(Extracted records)
|---|

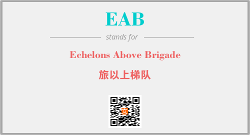 上述内容是“Echelons Above Brigade”作为“EAB”的缩写,解释为“旅以上梯队”时的信息,以及英文缩略词EAB所代表的英文单词,其对应的中文拼音、详细解释以及在英文中的流行度和相关分类、应用领域及应用示例等。
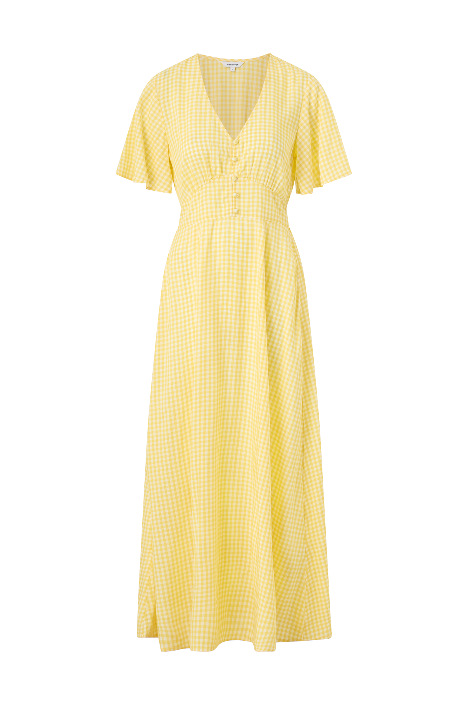 • Lång, luftig klänning i viskos• Djup v-ringning• Fuskknäppning framtill med dekorativa knappar• Markerad midja med smock baktill• Fjärilsärmar• Längd: 139 cm i storlek 36
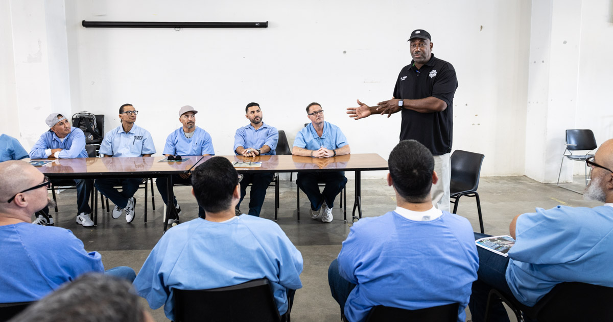 These images are of Open House events on two yards, showcasing the VISTA (Valuing Incarcerated Scholars Through Academia) program run by San Diego State University at Centinela State Prison (CEN); this is a two-year Bachelor of Arts completion degree. Current VISTA students created posters featuring their research studies, and are showing them to men who are interested in joining this program. The existing students also joined a panel discussion, during which they fielded questions about their experiences in the program.
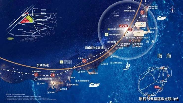 项目毗邻万宁高铁站,距离汽车站约3公里,距离环岛高速入口约2.3公里,立体交通路网,擎引高效便捷出行,接驳岛内外无界生活。
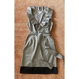 Ann Taylor Loft Size 0 Gray Dress Ruffled Sleeveless Belted Two Pockets
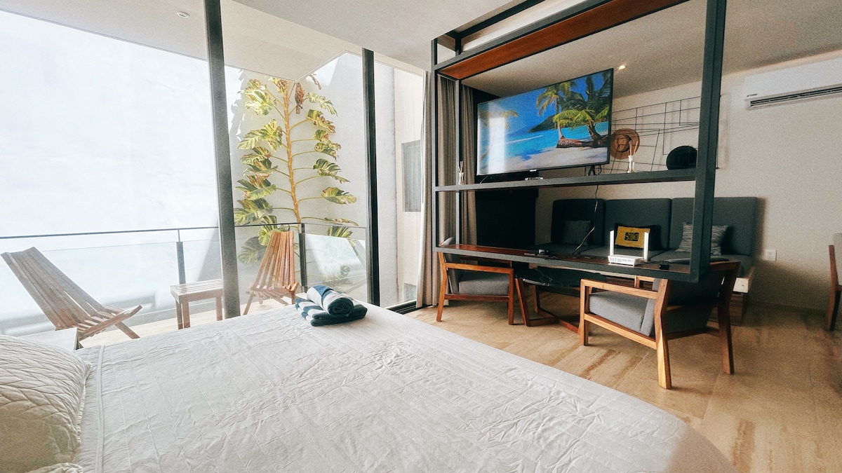 Disfruta lo mejor de Playa del Carmen en este moderno departamento de 1 recámara! A unos pasos caminando de la playa y de la famosa 5ta Av., este espacio es perfecto para quienes buscan comodidad, ubicación y un ambiente relajado para descansar o explorar la Riviera Maya. Con una recámara con AC, cocina totalmente equipada, baño privado, WiFi de alta velocidad y una decoración fresca, ideal para parejas, viajeros solitarios o nómadas digitales. Disfruta Playa del Carmen en este depa único!
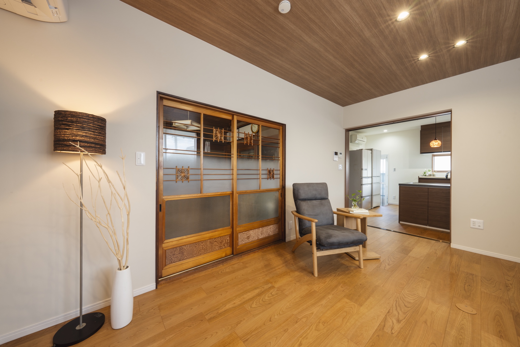 お施主様より思い出の詰まった茶の間は今までのまま使用したいとのご希望があり、リビングと茶の間をつなぐ組子入りのガラス戸はきれいに洗って再利用しました。
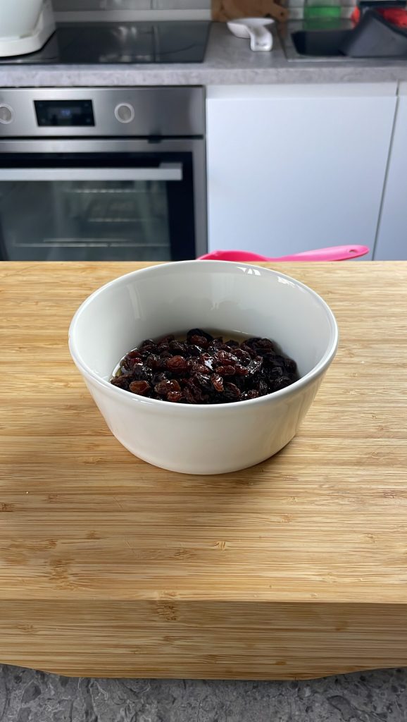 Beginne die Zubereitung der Hot Cross Buns, indem du die Rosinen 30 Minuten in Wasser oder Rum einweichst.
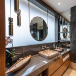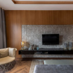 The large chandeliers grooming from the dual heightened ceiling create a dramatic affair to the muted shades. “Chandeliers are marvels of drop-dead showiness, the solitaire of any bungalow;” mentions the designers. Seamless to one’s eye the exclusivity of the home is in all glory of the modern ancient world and present-day interiors.
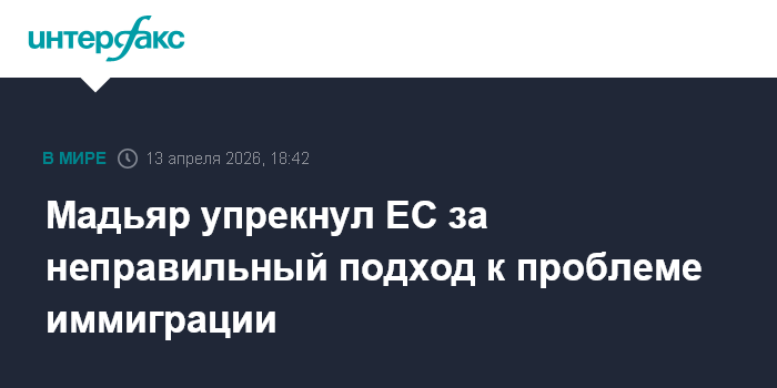 Москва. 13 апреля. INTERFAX.RU - Лидер партии "Тиса", победившей на парламентских выборах в Венгрии, Петер Мадьяр заявил в понедельник, что недоволен подходом ЕС к проблеме иммиграции.
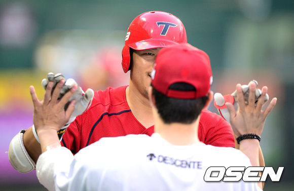 8일 오후 서울 목동야구장에서 열린 '2013 한국야쿠르트 세븐 프로야구' 넥센 히어로즈와 KIA 타이거즈의 경기, 8회초 무사에서 KIA 최희섭이 솔로포를 날리고 더그아웃에서 양현종과 하이파이브를 하며 기뻐하고 있다.
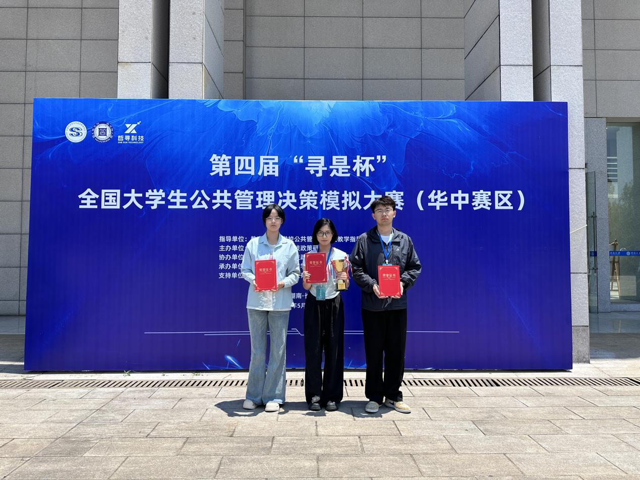5月9日至11日,第四届“寻是杯”全国大学生公共管理决策模拟大赛(华中赛区)在湖南省长沙市中南大学公共管理学院举行。我院由程涵、杨静雅老师指导及王璐璐老师带队的2023级公共事业管理专业3名学生贾鑫雨、李明喆、李淑珂组队代表学校参赛,与来自全国众多高校的选手同台竞技,最终获得大赛二等奖。
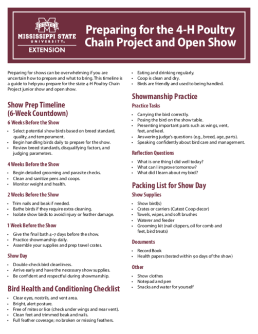 Preparing for shows can be overwhelming if you are uncertain how to prepare and what to bring. This timeline is a guide to help you prepare for the state 4-H Poultry Chain Project junior show and open show.
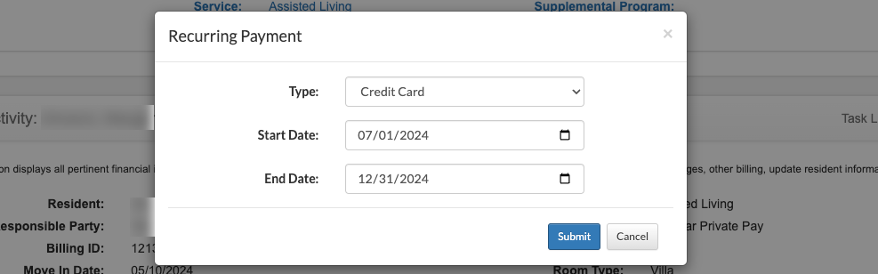 In this article, we will discuss the steps required to set up a recurring payment on a resident profile in Aline Revenue. Recurring payments will feed into the Aging Report and bulk payments.

|---|

§ Task: Excluding all pictures, print exactly and only the lines from the line with "Preparing for shows" through the end of the records above, both ends included.

§ The completed task:
 Preparing for shows can be overwhelming if you are uncertain how to prepare and what to bring. This timeline is a guide to help you prepare for the state 4-H Poultry Chain Project junior show and open show.
 In this article, we will discuss the steps required to set up a recurring payment on a resident profile in Aline Revenue. Recurring payments will feed into the Aging Report and bulk payments.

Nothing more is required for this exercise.